Context Rot: How increasing input tokens impacts LLM performance

research.trychroma.com

123 points by kellyhongsn 10 hours ago

I work on research at Chroma, and I just published our latest technical report on context rot.

TLDR: Model performance is non-uniform across context lengths, including state-of-the-art GPT-4.1, Claude 4, Gemini 2.5, and Qwen3 models.

This highlights the need for context engineering. Whether relevant information is present in a model’s context is not all that matters; what matters more is how that information is presented.

Here is the complete open-source codebase to replicate our results: https://github.com/chroma-core/context-rot

posnet 7 hours ago

I've definitely noticed this anecdotally.
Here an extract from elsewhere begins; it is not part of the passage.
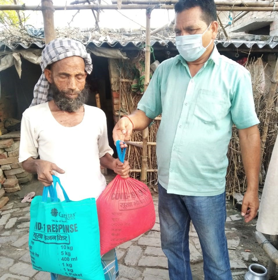With the Lockdown being imposed and no moments as suggested by the policymakers, he was unable to move around and make a living for his family. With the daily need to fulfill, little time he had to think of seeking the assistance of registering himself with PDS or getting himself a disability certificate. Suffering on a daily basis since the time of the lockdown without being able to support his family, FRT (Field Response Team) members of the COVID 19 task force of our partner (MDSSS Muzaffarpur) identified him as a potential vulnerable individual and family who requires the support that Caritas India was providing during the current health emergency.

Especially with Gemini Pro when providing long form textual references, providing many documents in a single context windows gives worse answers than having it summarize documents first, ask a question about the summary only, then provide the full text of the sub-documents on request (rag style or just simple agent loop).

Similarly I've personally noticed that Claude Code with Opus or Sonnet gets worse the more compactions happen, it's unclear to me whether it's just the summary gets worse, or if its the context window having a higher percentage of less relevant data, but even clearing the context and asking it to re-read the relevant files (even if they were mentioned and summarized in the compaction) gives better results.

  • zwaps 7 hours ago

    Gemini loses coherence and reasoning ability well before the chat hits the context limitations, and according to this report, it is the best model on several dimensions.
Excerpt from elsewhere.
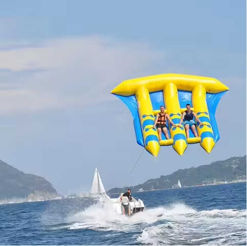 Bateau banane gonflable jaune, bateau tractable gonflable, sport nautique pour 3 à 5 personnes, amusement aquatique, parc aquatique

    Long story short: Context engineering is still king, RAG is not dead

    • tvshtr 6 hours ago

      Yep, it can decohere really badly with bigger context. It's not only context related though. Sometimes it can lose focus early on in a way that is impossible to get it back on track.

    • Inviz 4 hours ago

      Cursor lifted "Start a new chat" limitation on gemini and i'm actually now enjoying keeping longer sessions within one window, becuase it's still very reasonable at recall, but doesnt need to restate everything each time

    • deadbabe 5 hours ago

      RAG was never going away, the people who say that are the same types who say software engineers will be totally replaced with AI.

      LLMs will need RAG one way or another, you can hide it from the user, but it still must be there.
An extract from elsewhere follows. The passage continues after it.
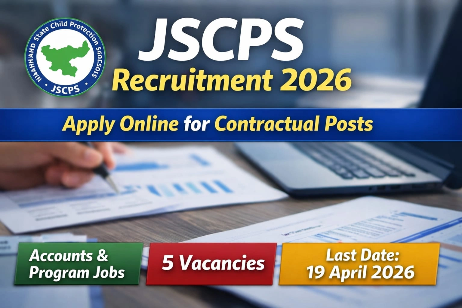 JSCPS Recruitment 2026 : झारखंड में सरकारी प्रोजेक्ट्स के तहत काम करने की इच्छा रखने वाले युवाओं के लिए बड़ी खुशखबरी है। Jharkhand State Child Protection Society (JSCPS) ने अकाउंट्स और प्रोग्राम मैनेजमेंट से जुड़े विभिन्न संविदा पदों पर भर्ती का नोटिफिकेशन जारी किया है। यह भर्ती SCPS और SARA प्रोजेक्ट्स के अंतर्गत की जा रही है, जिसमें योग्य अभ्यर्थी ऑनलाइन आवेदन कर सकते हैं।

    • risyachka 7 hours ago

      Yep. The easiest way to tell someone has no experience with LLMs is if they say “RAG is dead”

      • apwell23 5 hours ago

        > someone has no experience with LLMs

        Thats 99% of coders. No need to gatekeep.

  • irskep an hour ago

    "Compactions" are just reducing the transcript to a summary of the transcript, right? So it makes sense that it would get worse because the agent is literally losing information, but it wouldn't be due to context rot.

    The thing that would signal context rot is when you approach the auto-compact threshold. Am I thinking about this right?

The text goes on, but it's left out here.